IDC predicts key Asian cloud suppliers will pit against each other resulting in a new leadership structure within the IT industry.
A newly released report from indicates major strategic shifts in the cloud services space in Infrastructure-as-a-Service (IaaS), Platform-as-a-Service (PaaS) and Software-as-a-Service (SaaS).
All these changes will happen in 2014 and will begin to reshape the early stage of cloud adoption in Asia.
The number of “developers”/contributors to cloud app ecosystems has tripled and this will drive a ten-fold growth in the number of “apps” in the cloud over the next four years.
Amazon, Microsoft, IBM and HP will significantly escalate their cloud data centre deployments next year with Amazon expanding in regions where it does not have a strong base in Asia Pacific.
“IDC envisions a near doubling of cloud data centres from several of Amazon’s newly-energised traditional IT competitors,” said Chris Morris, associate VP, Services Asia Pacific and lead analyst, Cloud Services & Technologies, IDC Australia. “Why this escalation of cloud infrastructure deployments? Because cloud is a scale game and players without massive scale will be uncompetitive.”
‘Put up or shut up’ time
Morris notes that Asia is entering a ‘put up or shut up’ time as few players have increased their investments to scale up capacities and global footprint while others are scaling down the level of money they are pouring in these causes.
Looking forward, Asia may see the proliferation of regional players who address the region-specific requirements if governments form regulations against the global players’ cloud offerings.
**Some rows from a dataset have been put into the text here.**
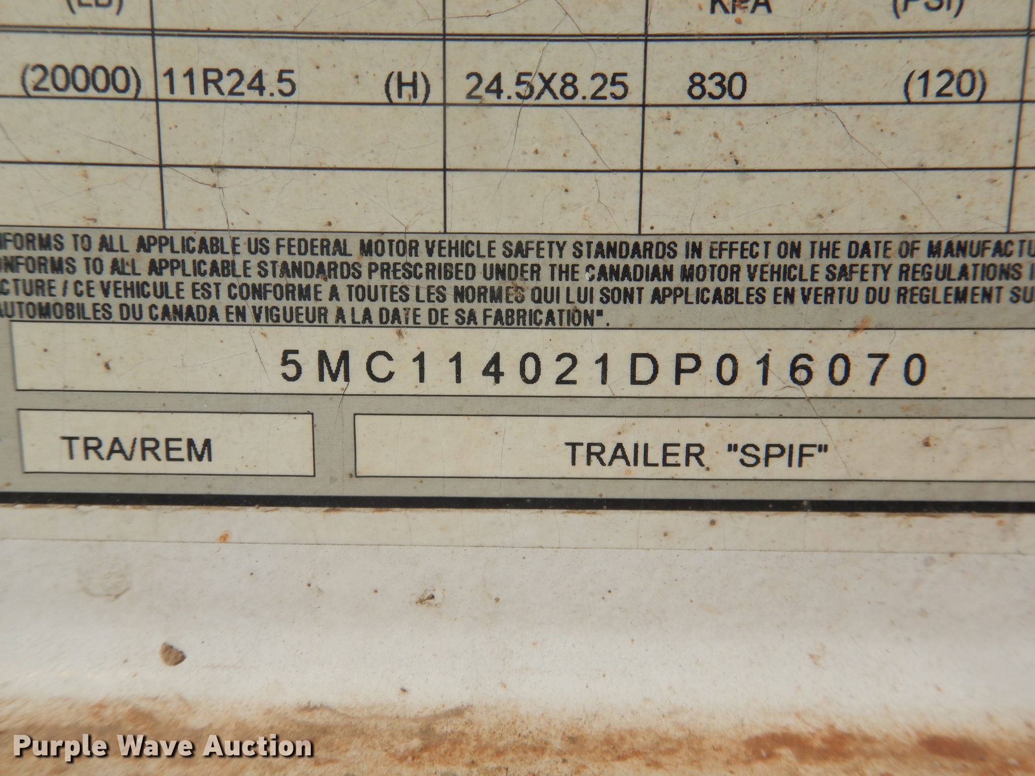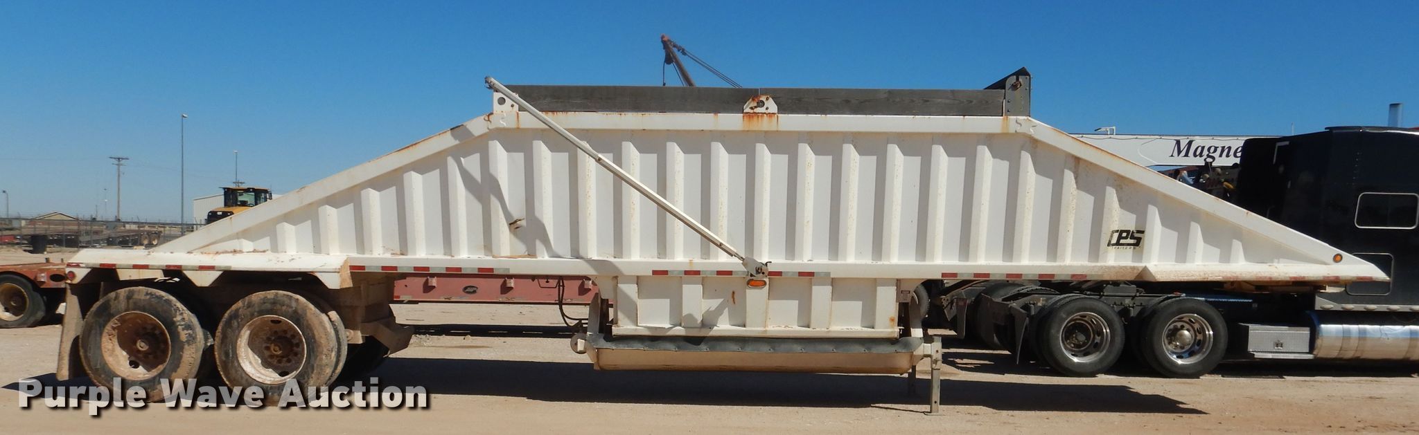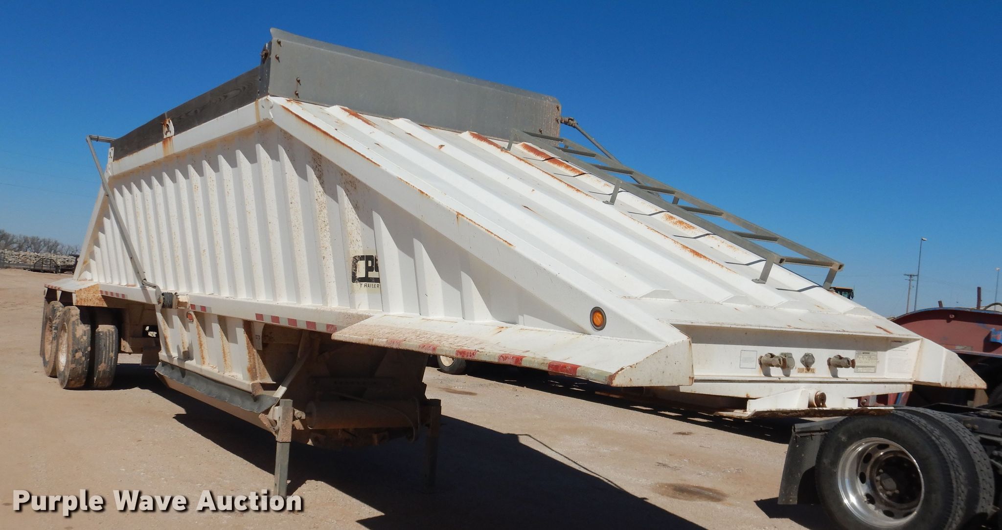 Purple Wave is selling a used Bottom Dump Trailer in Oklahoma. This item is a 2013 Manac 4C240AC00 bottom dump trailer with the following: 42'L x 96"W overall, 59"W side height, Air operated clamshell gate, Trailer controls, Rear push block, Roll tarp, Steel construction, Dual leg landing gear, Air suspension, Air brakes, Tandem axle, Steel wheels, 11R24.5 tires, GVWR 75,000 lbs, GAWR 20,000 lbs
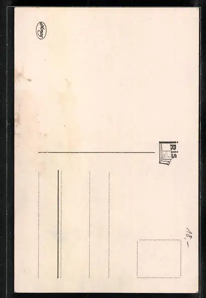 Personenbezogene Daten auf der Rückseite der Karte wurden durch blauen Textmarker unkenntlich gemacht. Die blauen Stellen sind auf die Vorderseite durchgeweicht und wirken sich negativ auf das Postkartenfoto aus
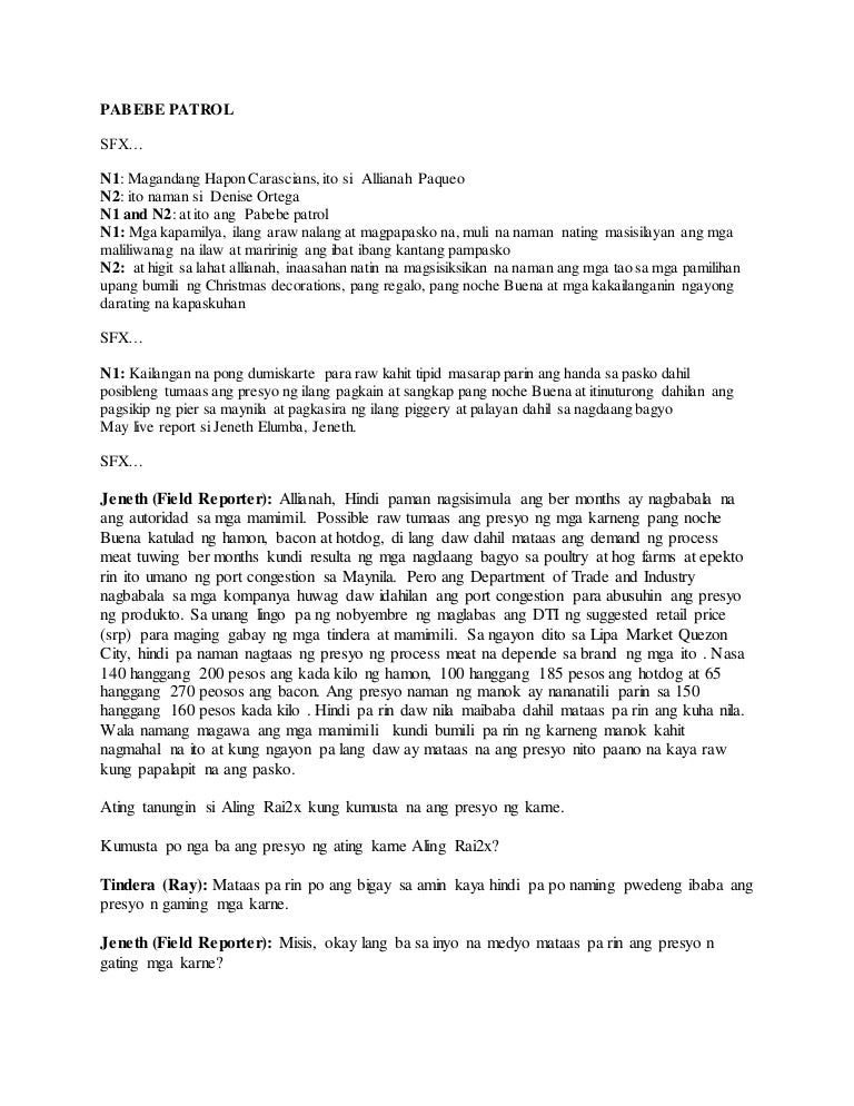 Ang Baguio ay isa sa mga pinupuntahan ng mga dayuhan at. SAMPLE SCRIPT RADIO NEWS BROADCAST. Si Neneng at ang Bagyo.

By 2017 there will be fewer than eight major global players in IaaS, and these players will come from Amazon Web Services, Google and Microsoft plus several major players around two or three of the open ecosystem platforms such as VMware.
IDC also expects an increase in the variety of workload-specialised cloud infrastructure services over the coming months.
“IDC has already seen the beginnings of this from Amazon Web Services, RackSpace and SoftLayer/IBM. Over the next 12-24 months, we’ll see this new form of ‘specialized infrastructure’ differentiation ratchet way up,” added Morris.